This article was posted to the Japan Times on April 6, 2021:

API Geoeconomic Briefing

April 6, 2021

China’s ambiguous coast guard law a challenge for Japan

Associate Professor of International Law, Meiji Gakuin University,




When a new Chinese coast guard law came into effect on Feb. 1, it became clear exactly what the China Coast Guard is, what it is allowed to do and what kind of activities it will conduct in the future.

As a result, we can see that Japan should be prepared to respond appropriately and effectively to China Coast Guard actions in the sea around the Senkaku Islands based on legal norms among the international community.

China Coast Guard ships are normalizing their acts of intrusion into Japan’s territorial waters near the Senkaku Islands in Okinawa Prefecture or navigating in the contiguous zone. Since last year, they have approached Japanese fishing boats several times.
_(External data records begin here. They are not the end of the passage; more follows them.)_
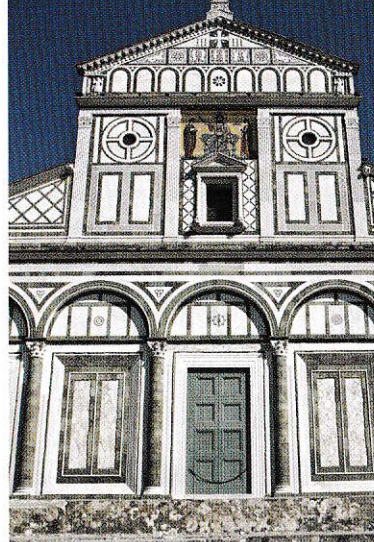
Fațada bisericii San Miniato datează din sec. XI

La momentul respectiv, Florența arăta foarte diferit de orașul de astăzi. Familiile bogate ale comercianților își fortificau casele cu turnuri pătrate din piatră, adesea mai înalte de 70 de metri, care serveau drept refugii impenetrabile în timpul conflictelor recurente care divizau comunitatea. Până la finalul secolului XII, orașul număra peste 150 de astfel de turnuri. Doar câteva dintre ele au supraviețuit, însă vă puteți face o idee despre cum arăta orașul în „tinerete” vizitând orașelul toscan San Gimignano, situat pe o colină (pagina 82).
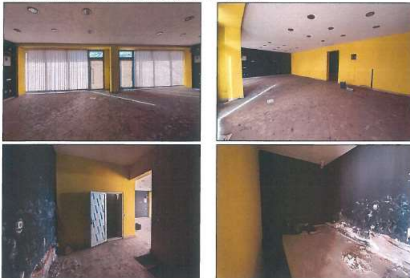
Pamje e katit përdhësë

Fotografitë e mëposhtme prezantojnë gjendjen faktike në terren :
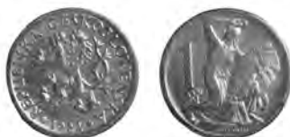
ČESKOSLOVENSKÁ REPUBLIKA, Kremnice, koruna 1922
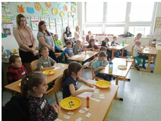
Zápis nanečisto.

Setkání pedagogů 1. stupně s rodiči a předškoláky se uskutečnilo hned čtyřikrát. Součástí odpoledního programu bylo předání základních informací o průběhu zápisu. Následovalo představení pracovních sešitů a učebnic pro děti z prvních tříd a tou hlavní částí se stala praktická ukázka zápisu. Závěr společného setkání patřil diskusi, ve které se učitelky snažily poradit rodičům, jak pomoci budoucím prvňáčkům, aby úspěšně prošli začátkem svého prvního školního roku.

There is a fear that China Coast Guard personnel may even land on the islets in the future.

So how should Japan respond to such situations?

I would first like to clarify what kind of an organization the China Coast Guard is, by dissecting the law which recently took effect.

Under the general theory of administrative law, the China coast guard law has the nature of both an organization law and an operations law, as it stipulates what kind of organization the country’s coast guard is and what it can do.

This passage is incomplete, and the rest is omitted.